By Michael Fitzpatrick - RFI
France Reuters
APR 10, 2019 LISTEN
Reuters

Yesterday, French Prime Minister Edouard Philippe launched what is being rather pompously called “the restitution of the great national debate”. In other words, the government is now telling the people what the people have been telling the government over the past three months in public discussions and by internet.

Millions of words of written notes were collected. There were 530,000 on-line contributions. In total, one-and-a-half million French participated.

Restitution is going to be no easy matter.

But Edouard Philippe is not a man to be buried under an avalanche of words. Taking less than 20 minutes to wrap up the whole job, the prime minister got straight to the point: the French want to pay less tax. Ah-ha!

Five months of riots, pitched battles and public palaver have led to this! The French are confused about what their money is being spent on; they are, to quote the prime minister, “fiscally exasperated”; they want more justice and fairness in the way the tax burden is distributed. They want to be sure the public services they finance are being run as efficiently as possible.

That's the broad burden of 48 percent of the on-line messages collected during the great debate.

Business paper Les Echos points out that the internet responses have come predominantly from urban households, and are not, therefore, representative of the population as a whole.

But there's no getting away from the question of taxation.

Taxation for everyone

Among the most frequent propositions for change is the suggestion that everyone should pay tax. And then come demands for less tax, reduced tax bands, an end to offshore and other frauds to help the stinky rich hold onto their ill-gottens. Ten percent want to see the return of wealth tax, a surprisingly low figure given the anger directed at President Emmanuel Macron for his refusal to rack the rich.

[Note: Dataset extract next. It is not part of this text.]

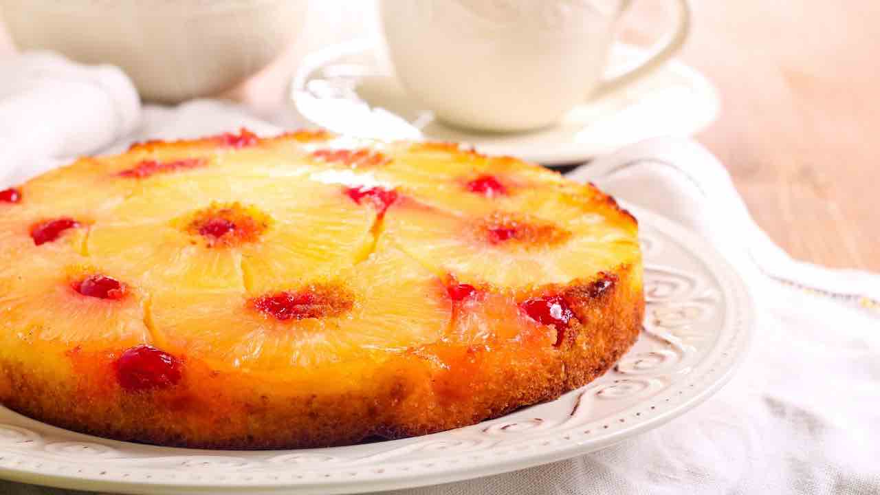 Scenografica, caramellata e dal sapore rétro: la torta all’ananas e ciliegie sciroppate è il dolce rovesciato che profuma di tradizione.

Many people think the reduction of Value Added Tax, especially on essential goods and services, is the way to go.

We are all in favour of the environment, but few are prepared to pay an extra tax to save icebergs, polar bears, monarch butterflies or the Texas prairie chicken.

And while just 4 percent are in favour of paying more tax, 75 percent would like to see less public spending.

Specifically mentioned for cuts are defence, housing, the salaries of senior civil servants and the number of MPs.

The French would also like to see less administrative paperwork and complexity, especially in the health sector.

Searching for the correct balance

Right-wing Le Figaro is underwhelmed by the whole business, suggesting in an editorial that simultaneously cutting public spending and reducing the tax bill is the philosopher's stone of all governments.

Le Figaro readers are far from convinced, 75,000 of them voting in today's poll on the question of whether the great debate will result in a lowering of taxes. Eighty-five percent of them think not.

Centrist paper Le Monde notes that more than half the internet contributions to the debate were exact copies of earlier messages. Which is perhaps a sign of economy: if my point has already been well made by someone else, why not just re-use the original formulation.

Except that some people seem to have repeated their own message dozens, in some cases, hundreds, of times.

In actual fact, only 255,003 people actually wrote an original contribution to the debate, with just 39,834 addressing all of the four major themes.

Edouard Philippe is happy that the great debate has at least allowed for a return to normal service, where people engage in polite discussion rather than in anonymous insult.

Today, the prime minister will present his synopsis to the National Assembly, before facing the senators in the upper house tomorrow.

The point then will be to start putting the public propositions into political shape, translating all that anger and angst into laws which will improve the situation.

The real fun and games are still to come.